[[ EXERCISE MATERIALS, beginning ]]

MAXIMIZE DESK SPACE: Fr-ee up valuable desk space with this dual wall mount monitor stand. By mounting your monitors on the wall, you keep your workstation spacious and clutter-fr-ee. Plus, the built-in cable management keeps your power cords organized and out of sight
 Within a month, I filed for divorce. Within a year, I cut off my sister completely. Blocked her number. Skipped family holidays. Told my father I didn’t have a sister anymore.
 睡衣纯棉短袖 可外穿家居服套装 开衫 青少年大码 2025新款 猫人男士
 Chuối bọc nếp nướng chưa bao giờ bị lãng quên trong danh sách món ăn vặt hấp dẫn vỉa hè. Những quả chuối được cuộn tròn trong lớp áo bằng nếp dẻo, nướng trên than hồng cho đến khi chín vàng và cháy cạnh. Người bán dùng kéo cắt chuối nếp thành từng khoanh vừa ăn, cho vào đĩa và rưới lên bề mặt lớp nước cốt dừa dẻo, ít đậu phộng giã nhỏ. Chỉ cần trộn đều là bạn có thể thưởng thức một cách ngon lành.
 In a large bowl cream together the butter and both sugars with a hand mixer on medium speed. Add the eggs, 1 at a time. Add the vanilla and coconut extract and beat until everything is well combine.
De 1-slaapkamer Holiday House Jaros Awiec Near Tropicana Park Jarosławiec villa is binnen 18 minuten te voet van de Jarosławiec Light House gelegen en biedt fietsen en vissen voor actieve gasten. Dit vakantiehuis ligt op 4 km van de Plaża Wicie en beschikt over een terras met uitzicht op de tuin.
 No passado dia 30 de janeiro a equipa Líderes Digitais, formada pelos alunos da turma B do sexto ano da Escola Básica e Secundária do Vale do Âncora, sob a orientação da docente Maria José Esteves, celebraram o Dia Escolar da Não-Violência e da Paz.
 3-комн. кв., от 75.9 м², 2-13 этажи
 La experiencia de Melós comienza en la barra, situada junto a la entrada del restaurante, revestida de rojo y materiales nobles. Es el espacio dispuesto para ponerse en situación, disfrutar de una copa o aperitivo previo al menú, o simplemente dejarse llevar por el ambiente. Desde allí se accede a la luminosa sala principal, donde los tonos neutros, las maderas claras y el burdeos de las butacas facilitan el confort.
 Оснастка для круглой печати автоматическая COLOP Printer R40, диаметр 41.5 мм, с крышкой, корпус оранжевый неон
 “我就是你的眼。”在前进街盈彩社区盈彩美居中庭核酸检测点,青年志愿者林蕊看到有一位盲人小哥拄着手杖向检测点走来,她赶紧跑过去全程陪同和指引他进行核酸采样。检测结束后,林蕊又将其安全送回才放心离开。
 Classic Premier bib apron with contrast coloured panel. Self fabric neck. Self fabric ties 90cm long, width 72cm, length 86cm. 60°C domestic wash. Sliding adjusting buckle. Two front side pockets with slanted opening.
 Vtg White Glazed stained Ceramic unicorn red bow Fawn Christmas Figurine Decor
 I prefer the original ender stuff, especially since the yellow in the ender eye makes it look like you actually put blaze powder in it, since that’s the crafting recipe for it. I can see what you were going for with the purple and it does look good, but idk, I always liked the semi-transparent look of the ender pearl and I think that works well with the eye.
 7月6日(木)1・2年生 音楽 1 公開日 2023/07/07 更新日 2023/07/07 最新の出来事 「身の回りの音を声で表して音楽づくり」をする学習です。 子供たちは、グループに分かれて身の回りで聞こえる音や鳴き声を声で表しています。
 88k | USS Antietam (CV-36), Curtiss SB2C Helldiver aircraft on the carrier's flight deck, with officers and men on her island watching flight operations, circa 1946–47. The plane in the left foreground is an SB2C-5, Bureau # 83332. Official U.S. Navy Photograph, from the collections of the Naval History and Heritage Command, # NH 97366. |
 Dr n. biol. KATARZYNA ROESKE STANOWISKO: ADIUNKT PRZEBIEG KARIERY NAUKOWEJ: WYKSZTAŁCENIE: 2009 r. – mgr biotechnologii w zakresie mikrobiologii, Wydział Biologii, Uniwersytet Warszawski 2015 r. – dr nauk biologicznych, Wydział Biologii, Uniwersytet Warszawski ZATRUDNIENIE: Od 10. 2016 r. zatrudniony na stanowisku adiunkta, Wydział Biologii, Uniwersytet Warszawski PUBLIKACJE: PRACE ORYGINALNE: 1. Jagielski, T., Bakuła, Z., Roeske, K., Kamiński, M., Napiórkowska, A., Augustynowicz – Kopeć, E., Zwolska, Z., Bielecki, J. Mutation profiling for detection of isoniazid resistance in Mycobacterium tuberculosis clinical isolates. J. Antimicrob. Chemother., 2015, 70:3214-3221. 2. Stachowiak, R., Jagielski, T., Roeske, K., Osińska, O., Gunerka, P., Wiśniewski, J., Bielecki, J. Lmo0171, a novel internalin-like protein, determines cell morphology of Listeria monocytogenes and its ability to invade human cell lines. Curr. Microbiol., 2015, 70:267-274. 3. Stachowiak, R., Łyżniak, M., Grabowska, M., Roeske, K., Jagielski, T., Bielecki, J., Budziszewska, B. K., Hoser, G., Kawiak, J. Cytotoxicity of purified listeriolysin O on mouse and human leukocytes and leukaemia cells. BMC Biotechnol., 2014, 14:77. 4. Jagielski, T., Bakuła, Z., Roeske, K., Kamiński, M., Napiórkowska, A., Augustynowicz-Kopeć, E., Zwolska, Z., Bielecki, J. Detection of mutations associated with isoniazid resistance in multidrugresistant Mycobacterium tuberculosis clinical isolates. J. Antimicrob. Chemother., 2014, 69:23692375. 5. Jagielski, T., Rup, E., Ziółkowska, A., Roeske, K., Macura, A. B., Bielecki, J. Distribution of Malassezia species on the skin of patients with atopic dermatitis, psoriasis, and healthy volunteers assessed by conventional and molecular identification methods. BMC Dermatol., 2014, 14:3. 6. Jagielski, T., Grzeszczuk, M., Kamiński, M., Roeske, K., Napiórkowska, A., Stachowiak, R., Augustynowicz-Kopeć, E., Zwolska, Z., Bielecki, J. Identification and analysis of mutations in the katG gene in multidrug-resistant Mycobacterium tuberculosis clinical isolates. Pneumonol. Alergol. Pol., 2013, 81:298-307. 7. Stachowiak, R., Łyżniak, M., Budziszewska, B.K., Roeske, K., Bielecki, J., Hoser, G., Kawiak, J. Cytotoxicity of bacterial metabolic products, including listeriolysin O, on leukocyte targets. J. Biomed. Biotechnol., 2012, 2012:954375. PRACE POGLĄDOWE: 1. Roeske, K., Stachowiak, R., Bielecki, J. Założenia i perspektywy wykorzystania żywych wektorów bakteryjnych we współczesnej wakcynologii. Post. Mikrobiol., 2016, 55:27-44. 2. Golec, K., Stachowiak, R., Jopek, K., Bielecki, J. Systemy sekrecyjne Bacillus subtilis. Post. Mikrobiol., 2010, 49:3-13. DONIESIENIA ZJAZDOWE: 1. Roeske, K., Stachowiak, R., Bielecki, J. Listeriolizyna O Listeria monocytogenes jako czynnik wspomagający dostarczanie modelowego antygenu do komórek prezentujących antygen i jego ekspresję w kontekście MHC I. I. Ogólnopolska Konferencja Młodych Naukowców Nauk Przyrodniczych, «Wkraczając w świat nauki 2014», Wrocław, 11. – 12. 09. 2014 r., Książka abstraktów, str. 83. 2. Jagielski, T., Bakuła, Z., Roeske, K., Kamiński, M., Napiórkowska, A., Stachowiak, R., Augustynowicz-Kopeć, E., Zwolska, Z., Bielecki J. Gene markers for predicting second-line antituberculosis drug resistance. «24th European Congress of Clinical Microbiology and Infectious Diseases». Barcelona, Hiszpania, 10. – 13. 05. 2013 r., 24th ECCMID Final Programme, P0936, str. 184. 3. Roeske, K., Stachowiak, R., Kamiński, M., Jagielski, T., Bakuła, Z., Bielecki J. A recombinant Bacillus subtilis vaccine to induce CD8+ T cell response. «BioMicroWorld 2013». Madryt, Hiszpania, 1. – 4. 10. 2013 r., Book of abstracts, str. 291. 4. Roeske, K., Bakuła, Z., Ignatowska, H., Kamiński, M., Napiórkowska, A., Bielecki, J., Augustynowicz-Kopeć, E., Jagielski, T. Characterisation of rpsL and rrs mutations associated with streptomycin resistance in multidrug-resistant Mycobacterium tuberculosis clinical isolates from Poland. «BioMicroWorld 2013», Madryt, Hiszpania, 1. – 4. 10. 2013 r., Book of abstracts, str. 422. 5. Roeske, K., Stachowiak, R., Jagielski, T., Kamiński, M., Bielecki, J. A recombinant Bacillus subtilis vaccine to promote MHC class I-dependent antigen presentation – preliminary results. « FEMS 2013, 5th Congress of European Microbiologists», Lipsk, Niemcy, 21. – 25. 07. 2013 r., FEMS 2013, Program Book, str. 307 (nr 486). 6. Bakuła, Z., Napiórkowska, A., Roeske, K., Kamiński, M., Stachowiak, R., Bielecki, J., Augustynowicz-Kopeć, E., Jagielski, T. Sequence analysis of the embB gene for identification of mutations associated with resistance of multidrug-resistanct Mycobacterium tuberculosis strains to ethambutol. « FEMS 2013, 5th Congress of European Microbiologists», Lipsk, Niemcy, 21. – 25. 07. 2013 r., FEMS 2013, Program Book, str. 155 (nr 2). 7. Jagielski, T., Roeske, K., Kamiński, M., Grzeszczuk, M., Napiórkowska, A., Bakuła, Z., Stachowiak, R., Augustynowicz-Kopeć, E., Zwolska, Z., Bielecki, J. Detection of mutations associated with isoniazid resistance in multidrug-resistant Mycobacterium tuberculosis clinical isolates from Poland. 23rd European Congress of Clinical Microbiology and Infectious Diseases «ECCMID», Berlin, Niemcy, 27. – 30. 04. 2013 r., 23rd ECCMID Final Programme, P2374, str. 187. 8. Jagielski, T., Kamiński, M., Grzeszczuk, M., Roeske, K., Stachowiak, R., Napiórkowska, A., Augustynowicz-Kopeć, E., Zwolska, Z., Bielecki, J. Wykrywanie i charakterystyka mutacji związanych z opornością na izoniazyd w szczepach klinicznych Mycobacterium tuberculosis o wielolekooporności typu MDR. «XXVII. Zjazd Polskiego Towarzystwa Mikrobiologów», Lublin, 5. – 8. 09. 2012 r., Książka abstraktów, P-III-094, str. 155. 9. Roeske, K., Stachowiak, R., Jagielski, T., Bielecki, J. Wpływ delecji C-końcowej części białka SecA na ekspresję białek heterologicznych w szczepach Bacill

[[ EXERCISE MATERIALS, end ]]

**TASK STATEMENT:** There is a line with "Оснастка для круглой" and a line with "Vtg White Glazed" above. Copy exactly those two lines and all lines between them, with nothing else.

**EXERCISE ANSWER:**
 Оснастка для круглой печати автоматическая COLOP Printer R40, диаметр 41.5 мм, с крышкой, корпус оранжевый неон
 “我就是你的眼。”在前进街盈彩社区盈彩美居中庭核酸检测点,青年志愿者林蕊看到有一位盲人小哥拄着手杖向检测点走来,她赶紧跑过去全程陪同和指引他进行核酸采样。检测结束后,林蕊又将其安全送回才放心离开。
 Classic Premier bib apron with contrast coloured panel. Self fabric neck. Self fabric ties 90cm long, width 72cm, length 86cm. 60°C domestic wash. Sliding adjusting buckle. Two front side pockets with slanted opening.
 Vtg White Glazed stained Ceramic unicorn red bow Fawn Christmas Figurine Decor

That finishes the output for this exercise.